Ghana’s Presidential Transition Act, hallmark of cross-party efforts – IEA

The Institute of Economic Affairs (IEA) on Tuesday described the Presidential Transition Act as a hallmark of cross-party effort, which establishes strong evidence of political leadership’s capability to rise above partisanship to deepen democratic governance.

The IEA therefore commended Parliament for the non-partisan approach in passing the bill, and said “The President and his Cabinet also deserve credit for fulfilling a promise made in 2009 to introduce a Transition Bill”.

In a statement to the Ghana News Agency signed by Dr Micheal Ofori-Mensah, IEA Policy Analyst appealed to President John Evans Atta Mills to act swiftly by giving assent to the Bill, appointing an Administrator-General and ensuring that the Presidential Estates Unit (PEU) established and given the resources to make it effective.

Dr Ofori-Mensah noted that the PTB required urgent Presidential assent due to the short time frame between now and the next elections. “… It is important, however, to emphasise that the pressing need for action is not based on whether a change in government will occur or not”.

He explained that the requirement for handing-over notes to be submitted to the Administrator-General prior to elections indicates ample time will be required for the office to define a comprehensive template to be used by the President and his team in a range of public offices.

Dr Ofori-Mensah admitted that tough work lay ahead after the appointment of the Administrator-General, as the time required to set-up key institutions, including the PEU was essential.

He noted that the Administrator-General would have to recruit staff, prepare an initial budget and study best practices, whilst the broad mandate of the PEU required, at the outset, an administrative manifesto which would spell out detailed procedures to cover the transitional duties conferred on the office.

He said some procedures may call for subsidiary legislation, adding there was also the matter of conducting the initial executive assets inventory, which could be a complex task.

He said a transition law will by no means remove all the difficulties relating to the democratic transfer of power. “Nonetheless, I am cautiously optimistic that effective implementation and strict enforcement of the provisions will bring about a departure from the ad hoc transition process we have witnessed in Ghana’s Fourth Republic.

“Putting in place the requisite legal and institutional framework before the end of this year will be tricky given the limited time frame. All the same, it will be useful to set this process in motion”.

He said the Presidential (Transition) legislation had strong potential to defuse the political fallout, accusations and counter-accusations which had ensued in Ghana’s previous transitions and, arguably, will be in everyone’s interest.

“For a party in government, the legislation provides clarity on an exit strategy should it be voted out of office. For an opposition party, the legislation outlines what should be expected if it is voted into office.

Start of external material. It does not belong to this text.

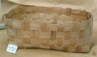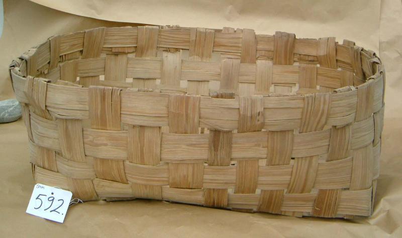 Korin pohja muodostaa suorakaiteen, ylälaita on soikeahko. Maalaamaton. (Päreestä punottu iso kori, jonka pohja on neliömäinen. Kori on korkea ja sen vastakkaisilla reunoilla on kaksi kantokahvaa. T.I.)

“For taxpayers, it would deliver value for money. This view is grounded in the fact that – if effectively implemented – one could expect a more prudent use of executive assets, an area where enormous scope for efficiency savings exists,” Dr Ofori-Mensah stated.

The acrimony and administrative lapses which characterised the transitions in 2001 and 2009 led to the drafting of the Transitional Bill by the IEA, in collaboration with the GPPP.

It seeks to prepare a multi-partisan framework of ground rules and regulations to govern future transitions.

Essentially, the Presidential (Transition) legislation provides a framework for the political transfer of power from one democratically elected President to another.

The benefits transcend regime change, the cornerstone of the legislation is accountability and when implemented will also herald a new era of institutional clarity in many aspect of public administration.

The PEU which is charged with maintaining and keeping an inventory of executive assets will be headed by an independent Administrator-General, who will be appointed by the President in consultation with the Council of State.

The Administrator-General, who also has the responsibility as facilitator of the transition process, fills a long-standing vacuum.

It also spells out clear time-lines set for Ministers of State to vacate their official accommodation a provision considered to help limit accusations of political witch-hunts when a change in government occurs.

On 16 March 2012 Parliament unanimously approved the Presidential (Transition) Bill and, in doing so, demonstrated its commitment to institutional reform.

Work on the Presidential (Transition) Bill began in 2007 as an initiative of the Institute of Economic Affairs (IEA) and the Ghana Political Parties Programme (GPPP), an inter-party group comprising representatives of the four political parties in Parliament.